What I like about Kore-eda is that he’s one of the few Japanese filmmakers who is willing to make pointed social critique of his own country. Look, I love Japanese food and I love Japanese cinema… but let’s be honest with ourselves: there’s a reason they have some of the highest alcoholism and suicide rates on the planet. This is a society where individuals fall through the cracks and gerontocratic rule places the whims of the old over the needs of the young. The insistence on tradition and deference to the elderly will, ironically, kill a society and Kore-eda understands this well, which is why every single one of his movies (that I’ve seen) deals with the young being let down by the old.
You see this play out in the scene where Akira is suspected by the owner of the konbini of shoplifting and is only let off the hook thanks to the younger employee backing him up. The only people who can fully help or understand the kids are young people themselves, while the old only serve as obstacles or oppressors. You again see this play out in the pedophilic dynamic between Saki and the older guy who pays for her time via enjo kōsai. A small scene which further serves to illustrate the categoric disregard that Japanese elders have for the youth of their country. How can you expect your society to thrive when you kneecap your own future like that?

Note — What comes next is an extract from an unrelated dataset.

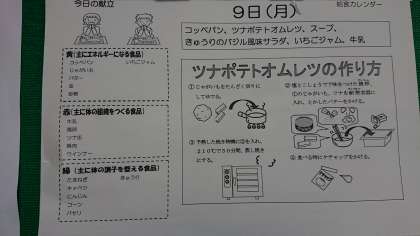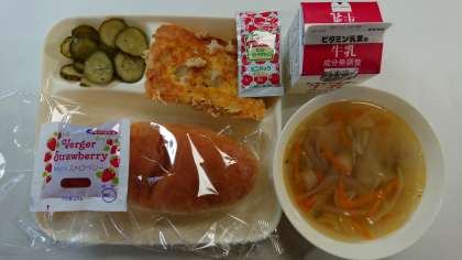 本日の献立は、ツナポテトオムレツ、ケチャップ、きゅうりのバジル風味サラダ、スープ、コッペパン、いちごジャム、牛乳です。

Yukiko Ehara is genius casting for the mother because she has this babyish voice that is likable in other contexts but deeply infuriating here. Japan has a history of using “kawaii” aesthetics to disguise their monstrous history (they still have not apologized for the war crimes committed during WW2) and Ehara is a perfect stand-in for this idea–her cutesy demeanor conceals a torrid narcissism. No accountability and no responsibility, a symptom of a diseased society. 8/10.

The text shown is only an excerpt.